Reading Rockets' children's literature expert, Maria Salvadore, brings you into her world as she explores the best ways to use kids' books both inside — and outside — of the classroom.

Knowing what you see

October 16, 2009

A film critic's review of the film version of Where the Wild Things Are in today's Washington Post started me thinking. In it, the writer says clearly that the film adaptation of a picture book classic is not typical family film fare but that the film version "created a fully realized variation on its most highly charged themes."

How? By using the filmmakers' tools: real-life actors, costumes, sound, music, dialogue, and more — the general wizardry of movie making.

The idea of understanding what one sees, however, is critical. So crucial in fact, the American Academy of Pediatrics has suggested guidelines for parents about the use of media with children.

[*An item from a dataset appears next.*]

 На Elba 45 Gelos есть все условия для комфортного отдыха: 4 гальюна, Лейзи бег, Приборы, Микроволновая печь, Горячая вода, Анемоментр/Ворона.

It seems to me that imbedded in the use of media is the broad notion of "visual literacy" — the ability to see, understand and interpret ideas and/or information conveyed through images. There are a great many sources available both off- and online.

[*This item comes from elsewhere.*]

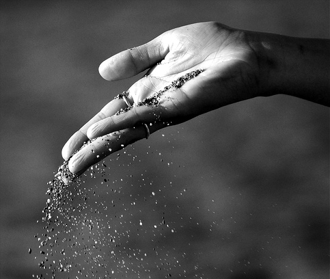 De moeder zweeg en dacht even na. Toen bukte ze zich en vulde elke hand met zand. Zo kwam zij bij haar dochter staan. Zonder verder iets te zeggen knelde zij de vingers van één hand steeds sterker om het zand. Het zand glipte tussen haar vingers door. Hoe krampachtiger ze haar hand balde, hoe sneller het zand er uit gleed. Toen zij haar hand opende kleefden er nog slechts enkele vochtige korrels aan haar handpalm. Haar andere hand had de moeder open gehouden als een kleine schaal. Daar bleven de zandkorrels liggen. Zij schitterden steeds heerlijker in het licht van de late avondzon.

But I'm not at all sure that adults pay much attention to what they see — I know I'm often oblivious. So how can we help children see and understand what they see in movies, on television, and the other images we're bombarded with everywhere?

One essential element is watching movies and TV together, adult and child/ren. Co-viewing is not a new idea at all, but it's one that should be taken to heart. It means not only respecting but investing time in what may interest a child.

I'm convinced that just as young children can effectively compare different versions of stories in books (I've done it with them), they can be guided to see visuals for what they are.

The depth of that comparison, of course, will depend on the age and sophistication of the individual child. But parents and teachers know the children with whom they live and work best. And why not use film adaptations — on television and in the movies — to start it all.

The payoff is that the movies they see and the books they read leads the way to their own storytelling and the ability to see beyond the most obvious.